Klostergården’s Alstadberger is made with 52 % of traditional alderwood smoked farmhouse malts, and it brings out excellently the rich taste of alderwood smoke in the style of Stjørdal’s farmhouse ales. The beer is sold in some Vinmonopolets (Norwegian state owned liquor stores) and bars in Norway, and I heard that the beer is distributed by B United to the USA. In 2018 it was available through Systembolaget in Sweden.

Other Nordic and Baltic Countries

Lithuania is by far the best country to sample commercial farmhouse beer. The country hosts several commercial farmhouse breweries, and the beers are fairly well available in beer bars in bigger Lithuanian cities, such as Vilnius. Lars Garshol’s Lithuanian beer – a rough guide tells all you need to know.

As far as I know, Gotlandsdricke is not sold at all in Sweden, and commercial farmhouse ale is not available in Latvia.

Update History

This story was originally published in September 2016 as part of my Introduction to the Nordic and Baltic Farmhouse Ales. The introduction grew very long and in January 2017 I worked and extended the text into its own article. The introduction was renamed to Sahti and Related Ancient Farmhouse Ales.

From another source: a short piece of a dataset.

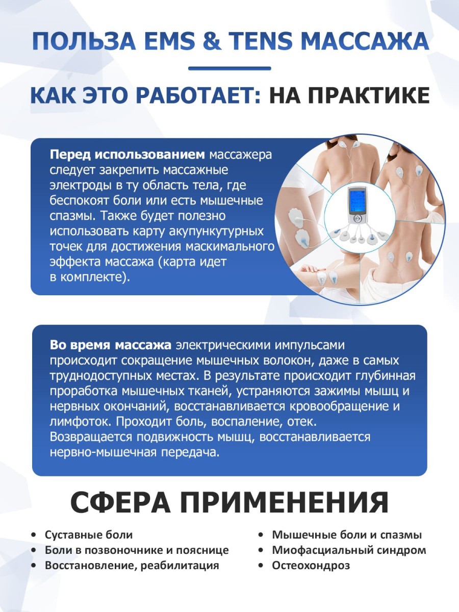 Многофункциональный массажер миостимулятор эффективен против различных видов боли, остеохондроза, защемления мышц и нервных окончаний, помогает восстановить кровообращение, укрепить мышцы и обрести фигуру своей мечты без изнурительных диет и ежедневных тренировок.
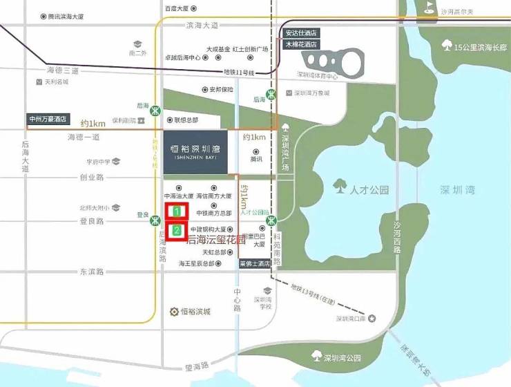 深圳湾澐玺位于南山区后海滨路与登良路交汇处,紧邻地铁2号线登良站(C出口),1站直达后海站(深圳湾万象城),3站可达福田CBD(车公庙站)及前海合作区(前海湾站)。项目所在的后海总部基地,是深圳“十四五”规划中重点打造的国际化综合区域,汇聚了阿里、腾讯、百度等全球企业巨头,形成“金融+科技+文化”的产业生态链。

February 1, 2017: added the section on Norway.
June 15, 2017: updated section of Norway based on my travels, added Finnish beer festivals in summer 2017, and added a phot of Taako Pihtla.
October 31, 2017: updated info on Finnish beer festivals and National Sahti Competition.
July 16, 2018: updated section on koduõlu.
February 2, 2019: changed Lapin voima brewery to Olu Bryki Raum. Updated small availability details.
November 2019: Added availability info of Olu Bryki Raum.
December 13, 2020: Added new sahti brewery Varastopanimo.
April 10, 2021: Added Bygland Bryggeri (Norway), changed the article name from Where to Find Commercial Nordic and Baltic Farmhouse Ales? to Finding Commercial Nordic and Baltic Farmhouse Ales.
March 5, 2022: added information about Norwegian maltøl.

4 thoughts on “Finding Commercial Nordic and Baltic Farmhouse Ales

  • January 31, 2019 at 10:47 pm

    Hi! Thanks for your blog! Really useful info.
    A small update: Lapin Voima has been renamed and rebranded and it’s now “Olu Bryki Raum”

    • February 2, 2019 at 7:20 am

      Thanks, I will update that!

  • January 21, 2021 at 1:46 pm

    Talavas ķēniņa alus is in Latvia. Real farmhouse beer from farm.

    • January 22, 2021 at 7:23 am

      Thanks for the tip! Hopefully I can travel to Latvia in the next few years.